Dictionnaire de l'Histoire de France 2005Éd. 2005
B

biens communaux, (suite)

Formés généralement de bois en taillis, de pâtures, de landes et de friches, les biens communaux participent au bon équilibre de l'économie paysanne et procurent des ressources complémentaires, en particulier aux plus pauvres. Ils fournissent du bois de chauffage ou d'œuvre, permettent le pâturage en dehors des temps de vaine pâture et offrent un appoint alimentaire (châtaignes, champignons).

À partir du XVIe siècle, ils sont l'objet d'une double convoitise : de la part des « coqs de village », qui se dressent contre les paysans pauvres (l'« individualisme agraire »), et des seigneurs, qui luttent contre les communautés paysannes (la « réaction féodale »). Les assemblées d'habitants gèrent les communaux et en réglementent l'usage. Elles peuvent aussi les affermer, les aliéner, voire les hypothéquer. Or, du milieu du XVIe siècle jusqu'en 1659, temps de conflits, les communautés s'endettent et doivent aliéner leurs biens, de gré ou de force. Vers 1650, un officier royal du bailliage d'Étampes dénonce le noble campagnard qui « usurpe les communes ». Malgré l'édit d'avril 1667, les biens « détournés » ne sont pas restitués, et l'édit de novembre 1677 consacre cette spoliation - « le plus grand événement agraire sous l'Ancien Régime », selon l'historien ruraliste Pierre de Saint-Jacob.
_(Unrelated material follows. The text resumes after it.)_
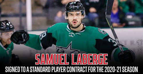 Laberge, 23, spent time with the Texas Stars of the American Hockey League, collecting 22 points (8 goals, 14 assists) skating in 97 games. The Châteauguay, Quebec native also appeared in two ECHL games with the Idaho Steelheads during the 2017-18 season.

Au XVIIIe siècle, le problème des usurpations est réglé grâce à la protection des intendants. Mais les seigneurs, comme « premiers habitants » de la communauté et au nom de leur droit éminent sur leur territoire, avancent devant les cours souveraines l'« imprescriptibilité » de leur droit de triage. Ils réussissent parfois à récupérer le tiers des communaux, présumé seigneurial. En outre, au tournant du siècle, apparaît chez les physiocrates l'idée que les communaux constituent un frein au progrès de l'agriculture. L'édit de 1774 autorise leur partage. Mais les parlements, défenseurs de la tradition, retardent l'enregistrement de la loi (en Bourgogne, jusqu'en 1782), qui est donc peu appliquée. Enfin, la Révolution est d'abord favorable aux thèses des physiocrates : si le décret du 14 août 1792 prévoit le partage obligatoire, la loi du 10 juin 1793 le rend facultatif. Et dès prairial an IV, le Directoire l'ajourne. L'idée du partage définitif n'est toutefois abandonnée qu'en 1816.

biens nationaux,

biens mobiliers et immobiliers confisqués par l'État à l'Église en 1789 (biens de première origine) ou aux émigrés à partir de 1792 (biens de seconde origine) et mis en vente au profit du Trésor public.

Une réponse à la crise financière héritée de l'Ancien Régime.

• En octobre 1789, la Constituante se trouvant confrontée au grave endettement qui avait conduit la monarchie à réunir les États généraux, l'évêque d'Autun, Charles de Talleyrand-Périgord, propose de mettre les biens du clergé à la disposition de la nation pour rembourser la dette et combler le déficit. Le 2 novembre 1789 est votée la loi relative à la confiscation de ces biens, dont la valeur est estimée à trois milliards de livres ; les terres couvriraient 10 % du territoire. Leur mise en vente est décidée le 19 décembre 1789 : une première opération doit porter sur 400 millions, somme pour laquelle sont émis des assignats, billets de 1 000 livres gagés sur les biens nationaux et avec lesquels sont indemnisés les créanciers de l'État. Le 14 mai 1790, il est précisé que les ventes doivent se faire aux enchères au chef-lieu de district ; le prix des biens est fixé à vingt-deux fois leur revenu et les acheteurs, sous réserve d'avoir effectué un versement comptant de 12 à 30 %, peuvent payer le solde en douze annuités avec un taux d'intérêt de 5 %. Mais les ventes se font généralement par gros lots : la vente des biens nationaux de première origine est donc une déception pour nombre de paysans.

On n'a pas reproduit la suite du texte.